Assignment -> Please give back the listing below word for word and drop any images.

Data section ->
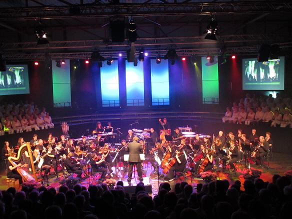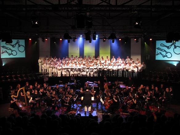 | Voordat het totale koor nog eenmaal met 90 man alles wat zon grote groep mensen tot een mooi koor maakt (met solowerk van Anita Tromp en Bart Essink) uit de kast haalde in Somebody to Love, geschreven door Freddy Mercury, was er nog een optreden van het orkest met Lord of the Dance.
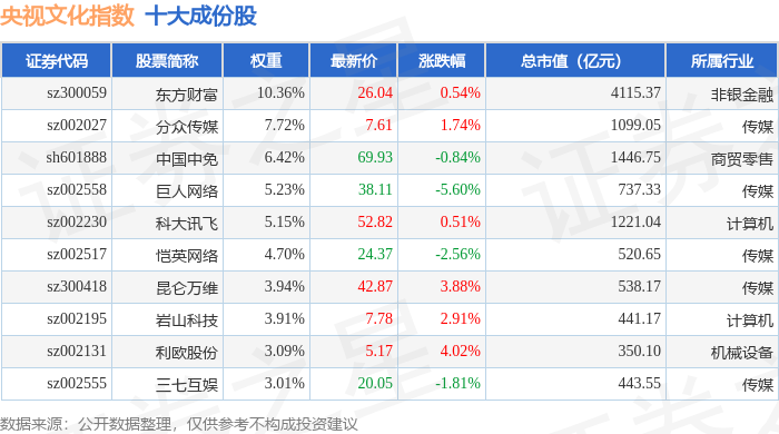资金流向方面,央视文化(399557)指数成份股当日主力资金净流出合计15.98亿元,游资资金净流入合计3.0亿元,散户资金净流入合计12.98亿元。成份股资金流向详情见下表:
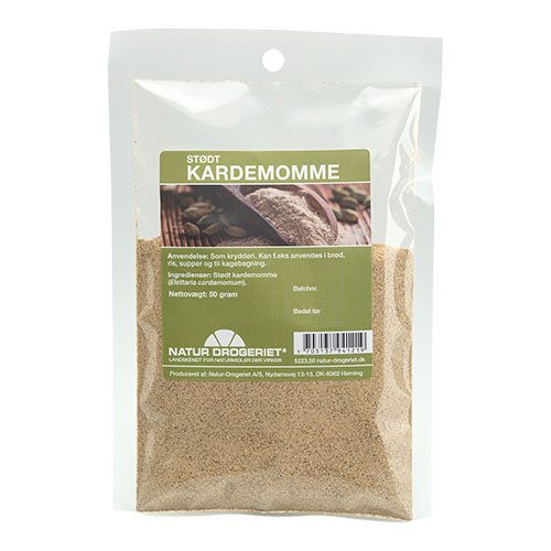 Stødt kardemomme er et lækkert krydderi, som vi her i Danmark mest bruger ved juletid og til brød og kager. Krydderiet stammer fra Indien, hvor det bruges hele året til brød, ris og supper.

Answer box ->
 | Voordat het totale koor nog eenmaal met 90 man alles wat zon grote groep mensen tot een mooi koor maakt (met solowerk van Anita Tromp en Bart Essink) uit de kast haalde in Somebody to Love, geschreven door Freddy Mercury, was er nog een optreden van het orkest met Lord of the Dance.
资金流向方面,央视文化(399557)指数成份股当日主力资金净流出合计15.98亿元,游资资金净流入合计3.0亿元,散户资金净流入合计12.98亿元。成份股资金流向详情见下表:
 Stødt kardemomme er et lækkert krydderi, som vi her i Danmark mest bruger ved juletid og til brød og kager. Krydderiet stammer fra Indien, hvor det bruges hele året til brød, ris og supper.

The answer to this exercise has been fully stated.